# Task instructions:
Pictures are not part of the copy; reproduce the remaining data exactly.

# Extracted data:
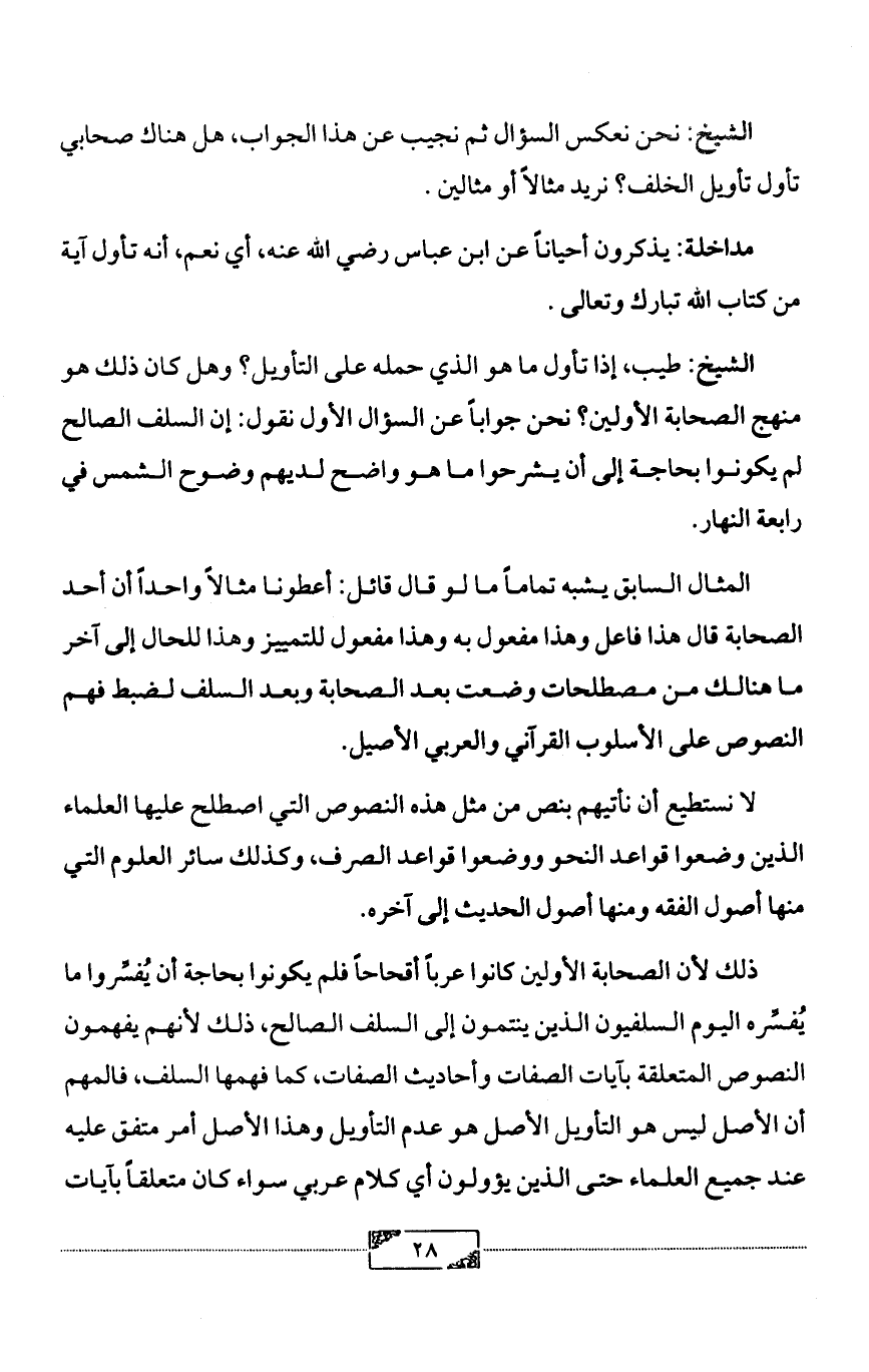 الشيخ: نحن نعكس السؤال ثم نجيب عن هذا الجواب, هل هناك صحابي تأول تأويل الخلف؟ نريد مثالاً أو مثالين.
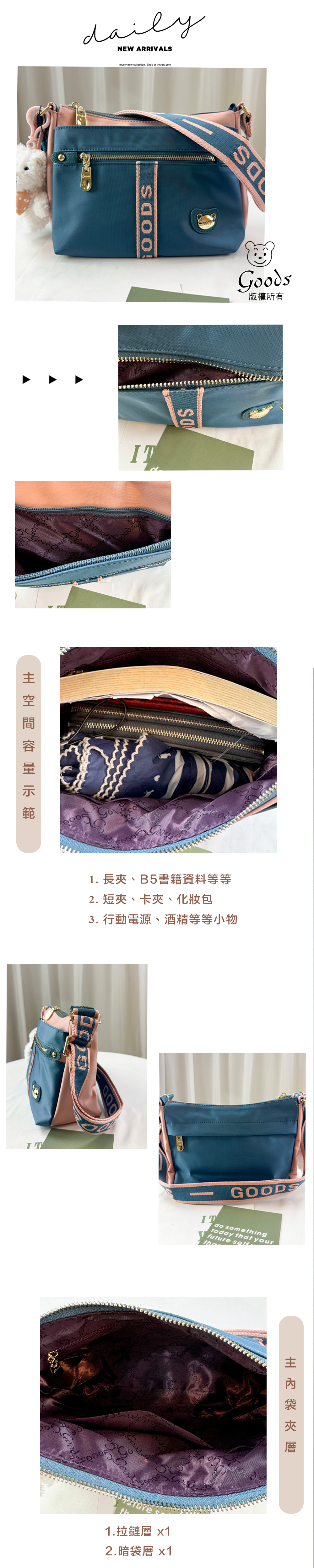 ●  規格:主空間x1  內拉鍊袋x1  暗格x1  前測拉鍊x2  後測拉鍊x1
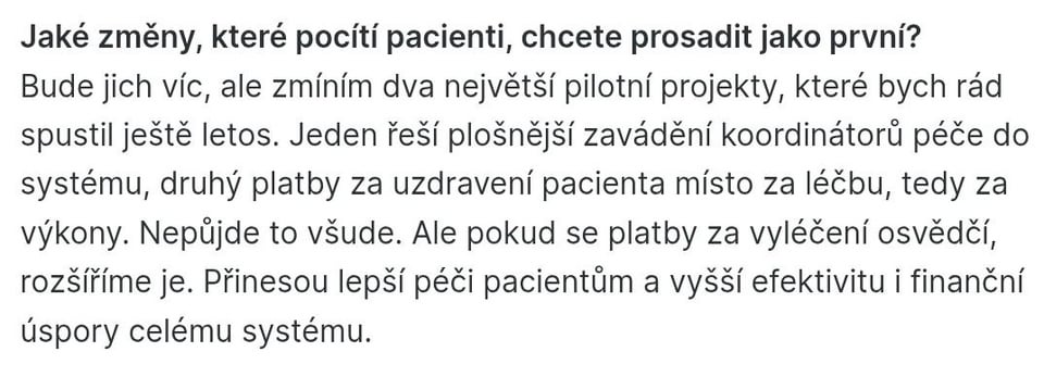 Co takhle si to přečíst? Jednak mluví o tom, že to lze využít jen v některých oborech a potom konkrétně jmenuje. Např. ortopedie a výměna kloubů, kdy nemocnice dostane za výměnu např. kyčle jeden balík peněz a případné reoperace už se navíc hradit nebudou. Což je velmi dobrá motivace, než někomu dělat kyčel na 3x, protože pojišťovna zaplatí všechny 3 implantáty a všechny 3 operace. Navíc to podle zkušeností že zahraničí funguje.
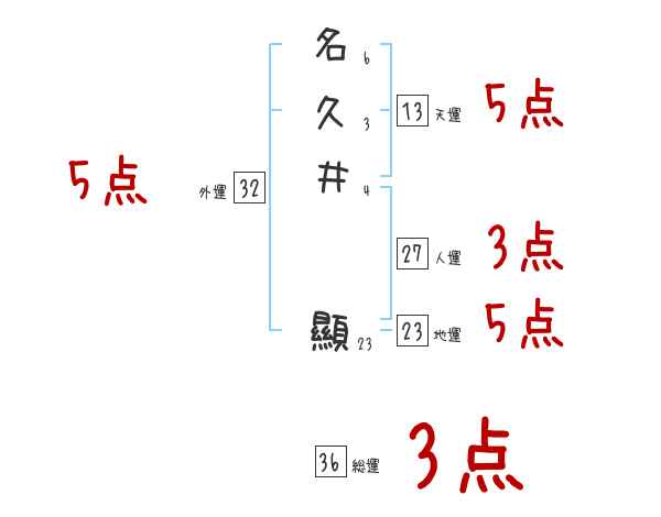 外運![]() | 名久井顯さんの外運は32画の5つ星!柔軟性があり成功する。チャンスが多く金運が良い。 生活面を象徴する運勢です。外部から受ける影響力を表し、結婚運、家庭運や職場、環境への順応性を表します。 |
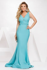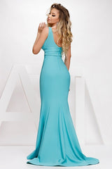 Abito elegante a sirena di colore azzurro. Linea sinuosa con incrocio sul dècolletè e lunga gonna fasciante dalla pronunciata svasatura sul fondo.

# Answer for this exercise:
 الشيخ: نحن نعكس السؤال ثم نجيب عن هذا الجواب, هل هناك صحابي تأول تأويل الخلف؟ نريد مثالاً أو مثالين.
 ●  規格:主空間x1  內拉鍊袋x1  暗格x1  前測拉鍊x2  後測拉鍊x1
 Co takhle si to přečíst? Jednak mluví o tom, že to lze využít jen v některých oborech a potom konkrétně jmenuje. Např. ortopedie a výměna kloubů, kdy nemocnice dostane za výměnu např. kyčle jeden balík peněz a případné reoperace už se navíc hradit nebudou. Což je velmi dobrá motivace, než někomu dělat kyčel na 3x, protože pojišťovna zaplatí všechny 3 implantáty a všechny 3 operace. Navíc to podle zkušeností že zahraničí funguje.
 外運![]() | 名久井顯さんの外運は32画の5つ星!柔軟性があり成功する。チャンスが多く金運が良い。 生活面を象徴する運勢です。外部から受ける影響力を表し、結婚運、家庭運や職場、環境への順応性を表します。 |
 Abito elegante a sirena di colore azzurro. Linea sinuosa con incrocio sul dècolletè e lunga gonna fasciante dalla pronunciata svasatura sul fondo.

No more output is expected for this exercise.